Her throat bobs with a swallow. “Me too.”
“I remember what happened when I was twenty.”
“You … remember?”
“My grandmother had taken the memories from me. But my mother just returned them.”
As one, we turn to look at the slab, covered completely in the orereowe flowers. The sisireowe must’ve been overtaken at some point, overwhelmed by the former.
“She’s still there,” Rosemary whispers. She turns to look at me, her gaze pleading. “I can’t—we can’t leave her here like this. She deserves better than this.”
It takes me a few tries before I can speak. “You mean you don’t think I—you still believe I’m—”
As always, she knows what I’m fumbling to say. Her entire body softens.
“I believe you,” she whispers, cupping my face in her soft, cool palms. “I trust you. I love you.”
“B-But …” I clench my jaw at the pathetic tremble in my voice.
Having my memories back adds a different dimension to my understanding of myself.
Watching what my mother and grandmother had become at the end—what if I’m headed toward the same fate?
Doing desperate, despicable things all so I don’t have to ever acknowledge the monster.
“Genevieve,” Rosemary reprimands gently.
“What if the only reason I was drawn to you was because of some deep rooted instinct left behind by my ancestors?
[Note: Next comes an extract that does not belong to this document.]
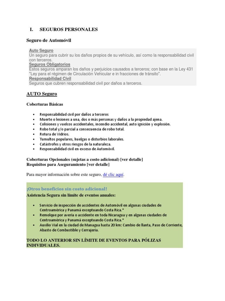 Auto Seguro Un seguro para cubrir su los daos propios de su vehculo, as como la responsabilidad civil con terceros. Seguros Obligatorios Estos seguros amparan los daos y perjuicios causados a terceros; con base en la Ley 431 "Ley para el rgimen de Circulacin Vehicular e in fracciones de trnsito". Responsabilidad Civil Seguros que cubren responsabilidad civil por daos a terceros.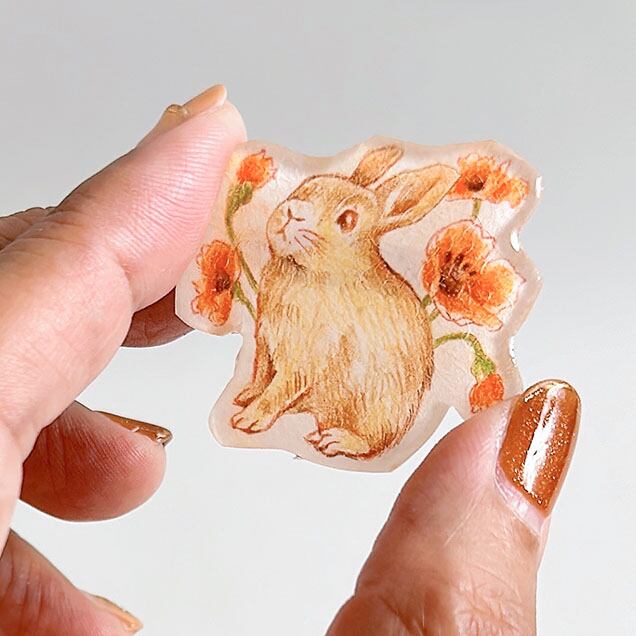 イラストレーター yuumo(森祐子)が色鉛筆で描いた原画をもとに、プラバンで制作。

What if that thing—that part of me—could somehow sense your gift, and honed in specifically on you because of that?”
What if the only reason I want her is because the perfect predator in me can sense the perfect prey in her? How can I be sure what I feel is real and not just the monster?
“What if it did?” Rosemary retorts. “We made a choice the day we met, Genevieve. You made a choice. Maybe it was instinct. Maybe it was attraction and chemistry and a whole host of other things. But you could have turned around and walked out. I could have ignored you, or decided not to come back to that study room.”
It feels like my heart is thumping too loud. “But we didn’t.”
“No, we didn’t,” she repeats. “Why?”
“I-I don’t know.”
“Why Genevieve? Why did you keep coming back?”
“I—”
“WHY?”
“Because I wanted to!” My chest heaves. “I wanted to. Fuck.”
Rosemary’s chest is rising and falling just as quickly. “Every single step I’ve taken toward you, I’ve taken on purpose.” Her eyes are glistening. “Don’t tell me it isn’t the same for you.”
“It is,” I whisper raggedly. “It is. Fuck, Rosemary.”
We fall into each other, kissing long and hard, only pulling apart to gasp in air into our deprived lungs.